In full and without alteration, print the entries.

Data supplied START

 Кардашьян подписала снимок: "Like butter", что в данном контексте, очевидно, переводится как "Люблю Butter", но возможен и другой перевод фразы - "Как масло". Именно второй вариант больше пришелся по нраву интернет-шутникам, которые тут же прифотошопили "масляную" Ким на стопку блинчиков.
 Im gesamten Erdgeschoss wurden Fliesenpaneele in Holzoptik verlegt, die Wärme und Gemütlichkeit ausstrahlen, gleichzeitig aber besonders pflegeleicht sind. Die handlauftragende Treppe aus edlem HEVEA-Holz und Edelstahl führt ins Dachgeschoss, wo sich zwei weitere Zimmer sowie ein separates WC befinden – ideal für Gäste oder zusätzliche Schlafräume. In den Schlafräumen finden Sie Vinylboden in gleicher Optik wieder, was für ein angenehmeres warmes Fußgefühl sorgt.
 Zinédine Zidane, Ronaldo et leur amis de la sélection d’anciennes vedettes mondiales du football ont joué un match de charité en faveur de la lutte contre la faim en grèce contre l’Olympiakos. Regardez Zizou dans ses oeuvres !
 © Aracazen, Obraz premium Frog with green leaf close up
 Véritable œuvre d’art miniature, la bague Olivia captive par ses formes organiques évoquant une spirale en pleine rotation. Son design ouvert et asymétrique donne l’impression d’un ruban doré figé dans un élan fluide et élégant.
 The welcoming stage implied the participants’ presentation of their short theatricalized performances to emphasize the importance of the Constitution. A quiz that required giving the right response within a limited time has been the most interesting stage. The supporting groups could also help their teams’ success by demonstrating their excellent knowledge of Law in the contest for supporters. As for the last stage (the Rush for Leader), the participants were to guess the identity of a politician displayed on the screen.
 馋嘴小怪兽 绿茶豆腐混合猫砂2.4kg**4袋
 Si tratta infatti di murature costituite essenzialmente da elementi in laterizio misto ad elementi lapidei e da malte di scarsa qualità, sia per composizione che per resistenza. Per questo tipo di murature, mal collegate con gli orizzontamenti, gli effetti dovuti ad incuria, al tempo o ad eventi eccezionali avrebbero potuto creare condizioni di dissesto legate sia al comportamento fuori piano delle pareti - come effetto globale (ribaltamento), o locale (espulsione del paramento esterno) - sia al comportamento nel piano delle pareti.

Data supplied END

-- Task response --
 Кардашьян подписала снимок: "Like butter", что в данном контексте, очевидно, переводится как "Люблю Butter", но возможен и другой перевод фразы - "Как масло". Именно второй вариант больше пришелся по нраву интернет-шутникам, которые тут же прифотошопили "масляную" Ким на стопку блинчиков.
 Im gesamten Erdgeschoss wurden Fliesenpaneele in Holzoptik verlegt, die Wärme und Gemütlichkeit ausstrahlen, gleichzeitig aber besonders pflegeleicht sind. Die handlauftragende Treppe aus edlem HEVEA-Holz und Edelstahl führt ins Dachgeschoss, wo sich zwei weitere Zimmer sowie ein separates WC befinden – ideal für Gäste oder zusätzliche Schlafräume. In den Schlafräumen finden Sie Vinylboden in gleicher Optik wieder, was für ein angenehmeres warmes Fußgefühl sorgt.
 Zinédine Zidane, Ronaldo et leur amis de la sélection d’anciennes vedettes mondiales du football ont joué un match de charité en faveur de la lutte contre la faim en grèce contre l’Olympiakos. Regardez Zizou dans ses oeuvres !
 © Aracazen, Obraz premium Frog with green leaf close up
 Véritable œuvre d’art miniature, la bague Olivia captive par ses formes organiques évoquant une spirale en pleine rotation. Son design ouvert et asymétrique donne l’impression d’un ruban doré figé dans un élan fluide et élégant.
 The welcoming stage implied the participants’ presentation of their short theatricalized performances to emphasize the importance of the Constitution. A quiz that required giving the right response within a limited time has been the most interesting stage. The supporting groups could also help their teams’ success by demonstrating their excellent knowledge of Law in the contest for supporters. As for the last stage (the Rush for Leader), the participants were to guess the identity of a politician displayed on the screen.
 馋嘴小怪兽 绿茶豆腐混合猫砂2.4kg**4袋
 Si tratta infatti di murature costituite essenzialmente da elementi in laterizio misto ad elementi lapidei e da malte di scarsa qualità, sia per composizione che per resistenza. Per questo tipo di murature, mal collegate con gli orizzontamenti, gli effetti dovuti ad incuria, al tempo o ad eventi eccezionali avrebbero potuto creare condizioni di dissesto legate sia al comportamento fuori piano delle pareti - come effetto globale (ribaltamento), o locale (espulsione del paramento esterno) - sia al comportamento nel piano delle pareti.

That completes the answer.